May 6, 2025
“Come to me, all you who are weary and burdened, and I will give you rest.” (Matthew 11:28)
Every year, you hear people talk about “senior-itis,” where in their final year of high school, students are struck with the inability to care about class. This year, however, the juniors have been taken by burnout a year early. The class of ‘26 has been struggling for months to simply find the motivation to pick up a pen and write , and their work ethic has reflected it (as a junior myself, it has taken me a month to sit down at my computer and get this story down).
“I doom-scroll on Instagram without doing any work until the last second,” junior Tyler Stinson says. “At eleven o’clock at night, I do my work unproductively and against my will. None of the classes has been intriguing whatsoever.”
The cause of it is not simply that graduation is just on the horizon as it is for seniors, rather, it seems that the root of the burnout epidemic is the mental and emotional overload this year has put on students.
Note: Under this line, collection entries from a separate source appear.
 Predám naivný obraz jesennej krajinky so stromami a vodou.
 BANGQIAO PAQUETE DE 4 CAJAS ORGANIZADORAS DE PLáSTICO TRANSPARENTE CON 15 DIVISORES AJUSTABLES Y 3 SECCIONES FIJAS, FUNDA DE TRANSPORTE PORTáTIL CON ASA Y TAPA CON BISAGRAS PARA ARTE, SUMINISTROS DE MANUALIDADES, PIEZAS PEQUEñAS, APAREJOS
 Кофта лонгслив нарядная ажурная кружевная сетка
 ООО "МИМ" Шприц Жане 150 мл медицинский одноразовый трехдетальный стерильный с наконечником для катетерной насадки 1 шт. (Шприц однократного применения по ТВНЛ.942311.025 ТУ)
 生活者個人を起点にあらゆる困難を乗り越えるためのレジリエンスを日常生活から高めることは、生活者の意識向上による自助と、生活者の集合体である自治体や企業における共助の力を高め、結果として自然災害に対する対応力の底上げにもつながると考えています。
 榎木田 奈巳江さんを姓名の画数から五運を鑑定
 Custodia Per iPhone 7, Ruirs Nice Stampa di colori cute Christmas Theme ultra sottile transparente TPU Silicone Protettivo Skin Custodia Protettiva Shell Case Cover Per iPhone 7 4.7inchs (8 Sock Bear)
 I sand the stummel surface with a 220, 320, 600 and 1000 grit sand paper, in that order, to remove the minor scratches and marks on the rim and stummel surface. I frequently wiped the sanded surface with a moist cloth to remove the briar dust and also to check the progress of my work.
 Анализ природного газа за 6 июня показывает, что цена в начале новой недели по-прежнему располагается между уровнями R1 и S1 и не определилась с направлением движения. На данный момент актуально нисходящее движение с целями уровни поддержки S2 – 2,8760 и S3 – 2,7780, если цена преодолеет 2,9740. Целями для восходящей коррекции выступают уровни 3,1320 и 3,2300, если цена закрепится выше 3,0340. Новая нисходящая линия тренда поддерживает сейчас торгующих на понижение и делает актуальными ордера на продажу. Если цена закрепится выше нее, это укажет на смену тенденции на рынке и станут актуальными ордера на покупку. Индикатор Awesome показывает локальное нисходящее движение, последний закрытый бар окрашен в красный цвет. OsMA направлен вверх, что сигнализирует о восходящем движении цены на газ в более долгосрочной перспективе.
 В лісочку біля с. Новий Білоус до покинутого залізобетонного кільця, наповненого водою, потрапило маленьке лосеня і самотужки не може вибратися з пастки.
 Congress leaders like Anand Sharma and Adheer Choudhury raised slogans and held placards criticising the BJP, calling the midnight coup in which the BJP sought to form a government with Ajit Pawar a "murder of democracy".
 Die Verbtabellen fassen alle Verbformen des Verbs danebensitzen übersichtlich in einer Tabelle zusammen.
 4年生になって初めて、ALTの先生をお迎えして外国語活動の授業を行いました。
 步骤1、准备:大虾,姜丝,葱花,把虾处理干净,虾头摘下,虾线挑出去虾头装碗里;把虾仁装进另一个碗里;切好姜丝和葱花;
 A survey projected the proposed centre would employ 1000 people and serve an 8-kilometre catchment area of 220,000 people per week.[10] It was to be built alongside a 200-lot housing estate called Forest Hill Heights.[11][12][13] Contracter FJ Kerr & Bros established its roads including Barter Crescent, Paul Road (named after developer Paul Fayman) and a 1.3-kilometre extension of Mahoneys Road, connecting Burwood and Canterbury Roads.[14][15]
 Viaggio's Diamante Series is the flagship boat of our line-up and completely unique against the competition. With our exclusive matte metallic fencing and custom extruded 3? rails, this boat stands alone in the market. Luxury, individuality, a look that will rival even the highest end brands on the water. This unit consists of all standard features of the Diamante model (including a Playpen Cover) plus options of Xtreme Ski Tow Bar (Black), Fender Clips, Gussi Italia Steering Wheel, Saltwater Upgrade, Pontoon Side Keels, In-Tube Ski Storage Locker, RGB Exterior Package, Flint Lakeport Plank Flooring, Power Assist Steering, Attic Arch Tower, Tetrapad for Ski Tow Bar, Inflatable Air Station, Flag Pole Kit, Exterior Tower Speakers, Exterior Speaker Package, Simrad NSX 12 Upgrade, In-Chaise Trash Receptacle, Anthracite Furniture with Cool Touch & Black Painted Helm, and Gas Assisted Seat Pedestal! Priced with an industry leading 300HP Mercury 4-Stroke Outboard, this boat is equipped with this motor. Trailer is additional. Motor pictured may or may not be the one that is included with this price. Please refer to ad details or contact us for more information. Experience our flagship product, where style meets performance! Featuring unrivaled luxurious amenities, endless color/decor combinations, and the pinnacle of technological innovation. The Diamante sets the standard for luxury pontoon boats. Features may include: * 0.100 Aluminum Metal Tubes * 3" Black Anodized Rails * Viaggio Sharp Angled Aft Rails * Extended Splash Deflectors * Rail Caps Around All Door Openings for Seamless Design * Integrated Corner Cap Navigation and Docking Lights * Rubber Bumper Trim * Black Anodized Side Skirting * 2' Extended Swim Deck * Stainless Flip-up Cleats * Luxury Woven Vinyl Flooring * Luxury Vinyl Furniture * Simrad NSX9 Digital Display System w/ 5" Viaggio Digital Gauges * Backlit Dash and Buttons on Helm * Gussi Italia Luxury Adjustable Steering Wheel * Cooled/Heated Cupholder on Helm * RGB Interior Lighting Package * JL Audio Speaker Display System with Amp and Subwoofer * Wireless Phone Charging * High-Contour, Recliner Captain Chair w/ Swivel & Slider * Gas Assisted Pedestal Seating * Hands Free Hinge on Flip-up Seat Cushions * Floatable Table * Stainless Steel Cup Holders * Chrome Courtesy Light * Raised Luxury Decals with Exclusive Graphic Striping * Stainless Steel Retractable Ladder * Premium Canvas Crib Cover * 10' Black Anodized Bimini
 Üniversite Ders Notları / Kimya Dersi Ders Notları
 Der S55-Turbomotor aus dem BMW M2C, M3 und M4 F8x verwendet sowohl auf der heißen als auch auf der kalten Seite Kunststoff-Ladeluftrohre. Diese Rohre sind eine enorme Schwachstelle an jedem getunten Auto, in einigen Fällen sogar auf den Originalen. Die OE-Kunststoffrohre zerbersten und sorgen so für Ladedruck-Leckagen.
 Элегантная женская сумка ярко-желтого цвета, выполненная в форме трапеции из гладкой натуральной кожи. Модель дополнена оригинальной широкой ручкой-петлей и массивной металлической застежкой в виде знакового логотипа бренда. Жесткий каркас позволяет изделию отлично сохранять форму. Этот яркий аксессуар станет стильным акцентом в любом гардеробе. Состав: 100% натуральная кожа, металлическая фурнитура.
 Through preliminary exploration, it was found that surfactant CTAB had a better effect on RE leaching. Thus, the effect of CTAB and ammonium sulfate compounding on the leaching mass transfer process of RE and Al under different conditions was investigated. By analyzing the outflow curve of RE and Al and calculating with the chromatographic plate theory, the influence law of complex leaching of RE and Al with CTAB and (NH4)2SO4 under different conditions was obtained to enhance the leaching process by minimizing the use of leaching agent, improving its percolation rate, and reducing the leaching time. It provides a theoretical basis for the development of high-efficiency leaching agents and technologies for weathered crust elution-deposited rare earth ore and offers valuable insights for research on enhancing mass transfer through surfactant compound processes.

“Not only do you have a heavy workload, but you also have the stress of knowing that you’re going to have to pick what college you go to, which shapes your entire future,” junior Zoe Gillett says. “Then you have to start thinking about scholarships and how you’re going to make that happen, and then you have to think about testing, AP tests, SATs and ACTs, and how you prepare for those best.”
It is not just a handful of the class either. It is very evident that there is a mutual feeling of exhaustion among all juniors this year, which teachers and students alike have commented on more than once.
“I think most juniors have progressively gotten manic throughout the year,” Gillett says. “Just sitting in class, I’m not sure that any of us can sit still for nearly as long as we could at the beginning of the year. You hear people just complaining more about everything. There are definitely a lot of us who are skimming through assignments and having to go back and reread because we don’t understand what we’re reading, even though we’re all mostly literate. I think that most people just have less drive this year than they did in past years.”
The juniors have found ways of combating this issue, however. For some, it’s having a hobby or sport that gets you excited about something, for others, it’s taking the time to rest as it’s needed. There is one failsafe that the whole class can agree on: caffeine.
“The FDA suggests 400 mg of caffeine in a day,” Gillett says. “I have since realized that you can drink more than that and still be okay. My daily average is probably around 300 mg, but if I have to take a test or something, I drink significantly more than 400 mg, and I’ve yet to have a heart attack. Don’t hold me to that.”